The gold was probably the rim. The blue would be part of a picture.”
“Is it very precious?” she asked, her face tight in sympathy with whoever had broken it. “Somebody’s gonna lose their place ’ere ’cos they smashed it?”
“Do you think that is enough to explain Mr. Tyndale hiding it?”
Pitt said instead of answering her.
She shook her head, a stiff, tiny gesture.
“It seems to have been broken the night Sadie was murdered,” he went on, thinking ahead. “It has to have had something to do with it.
That’s the only thing that would explain why he would go to so much trouble to conceal it.”
“ ’Ooever it belongs ter is goin’ ter be pretty angry,” she said seriously.
“He’s not hiding it from them; they’ll find out anyway,” he said.
“He’s hiding it from us.”
“D’yer think so?” She frowned.
“Yes, otherwise he could have told us in confidence, and we would have thought no more of it.
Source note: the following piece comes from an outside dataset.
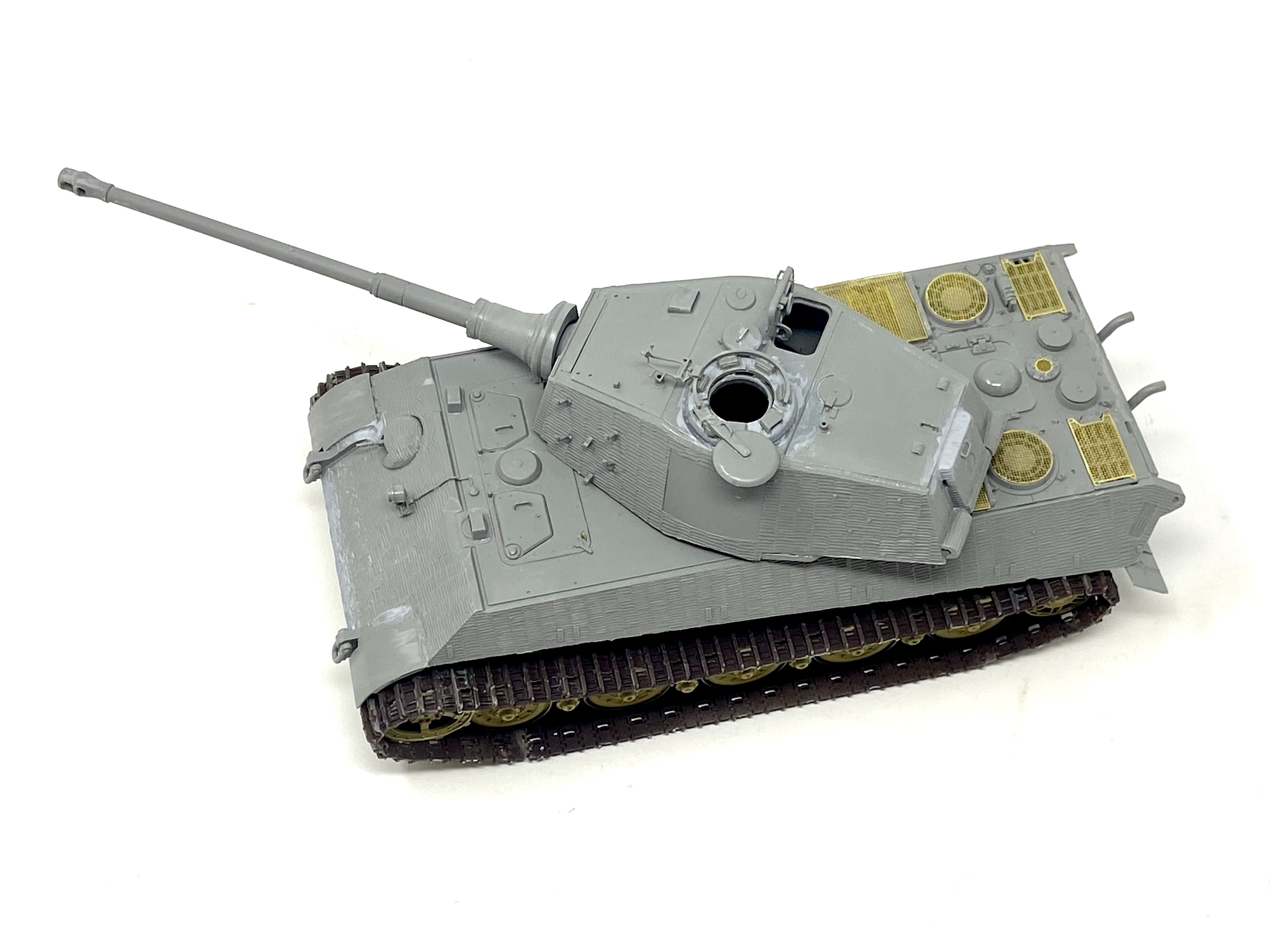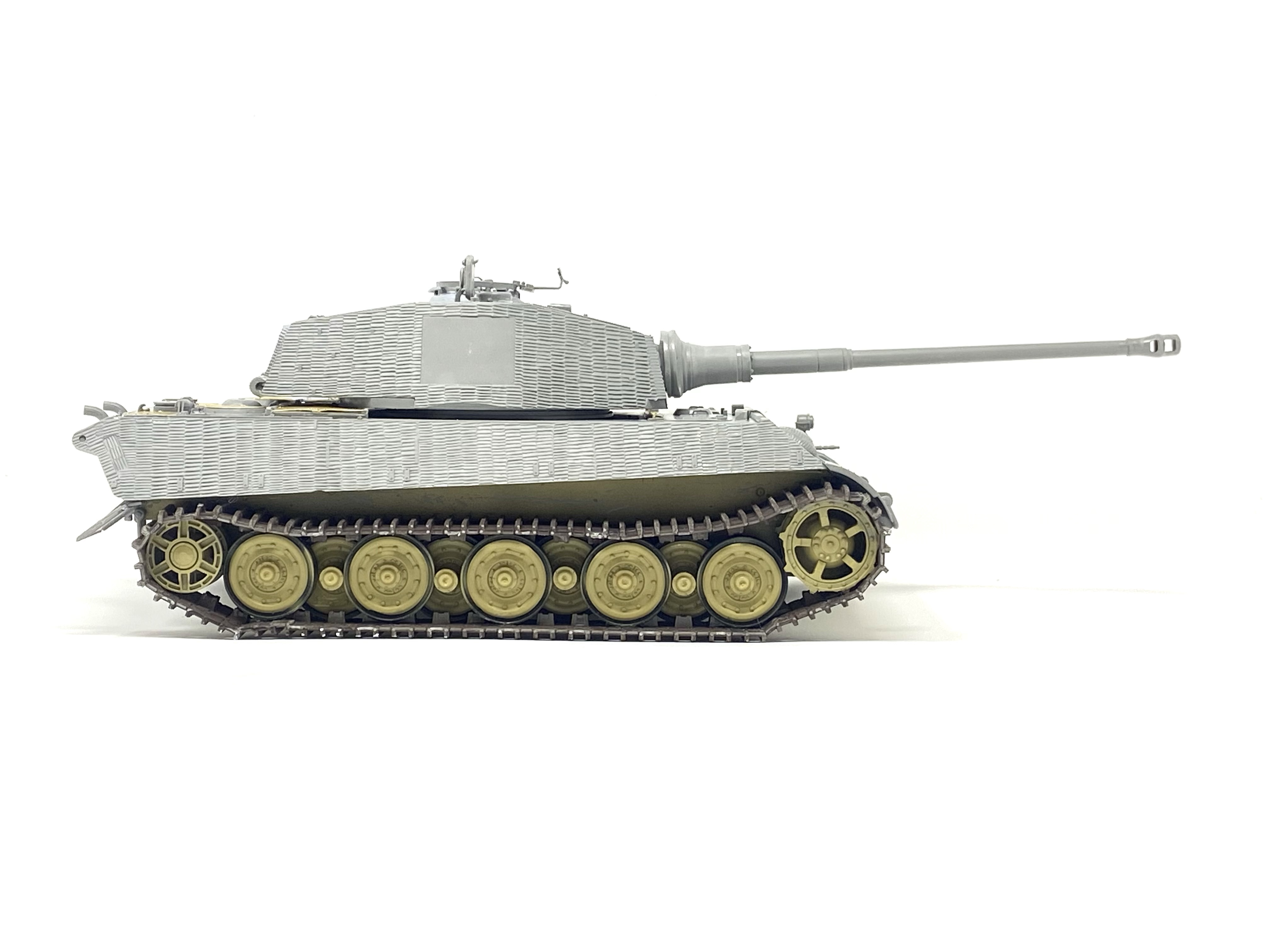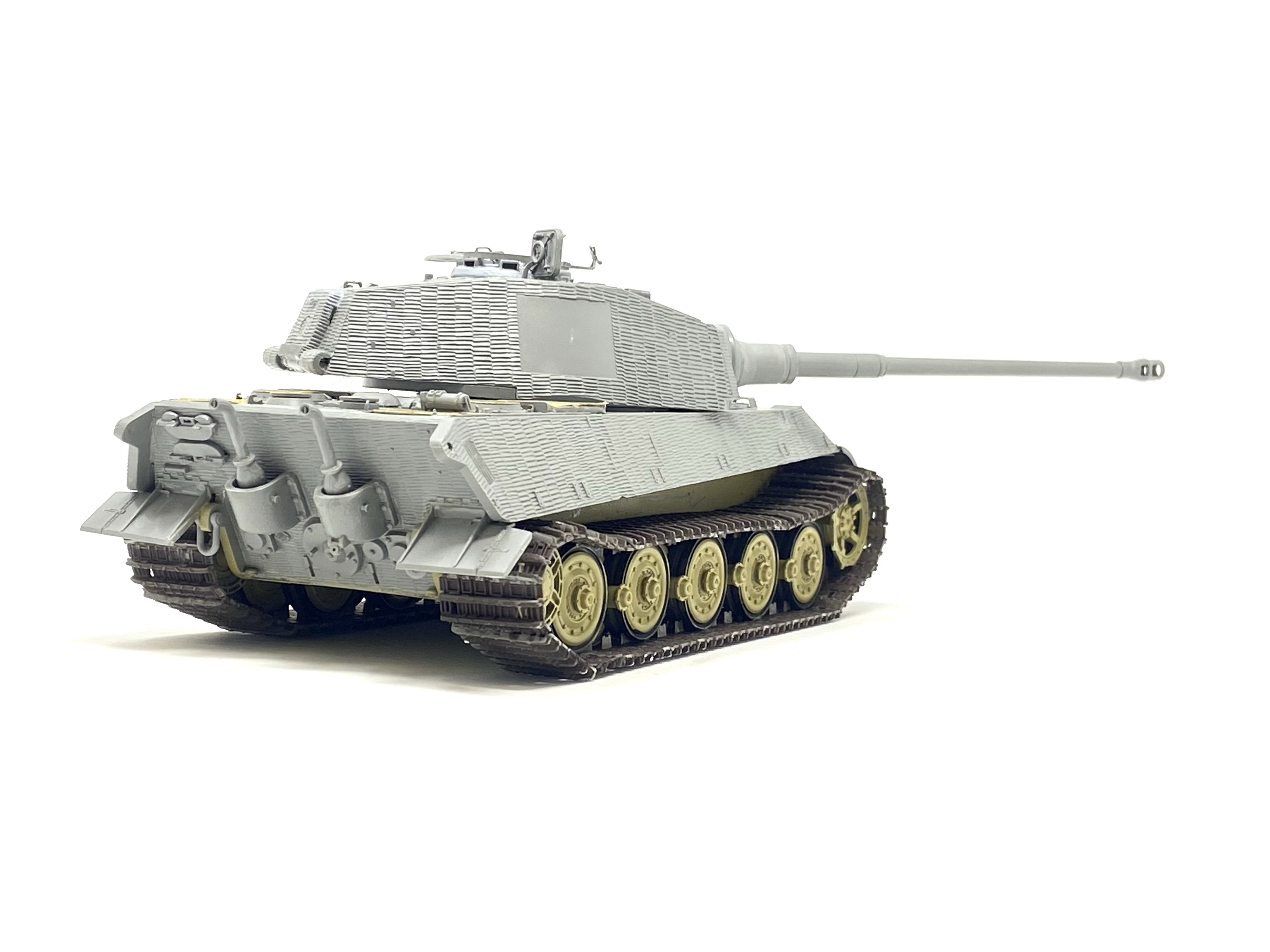 The painting phase for this project was going to be fun as the scheme that I chose was do interesting to me! The combination of red-brown, dark yellow and off white really makes the Kingtiger look purposeful and quite striking close up.
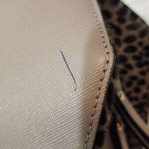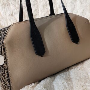 This chic women's satchel features a sleek tan body with elegant black handles. Ideal for any occasion, it offers both style and practicality.Innue Animal Hair Printed Leather Handbag, Black and Beige

Domestic breakage is hardly Special Branch business. I wonder where it came from, whose room it was in?”
“D’yer reckon as that poor cow stole it?” Gracie looked doubtful.
“ ’Ow would she ’a got it out? Dishes in’t easy ter carry without someone seein’ ’em.”
“Exactly,” he agreed. “And why would Mr. Tyndale wish to protect a prostitute who was also a thief? I think the fact that it is broken is what matters.”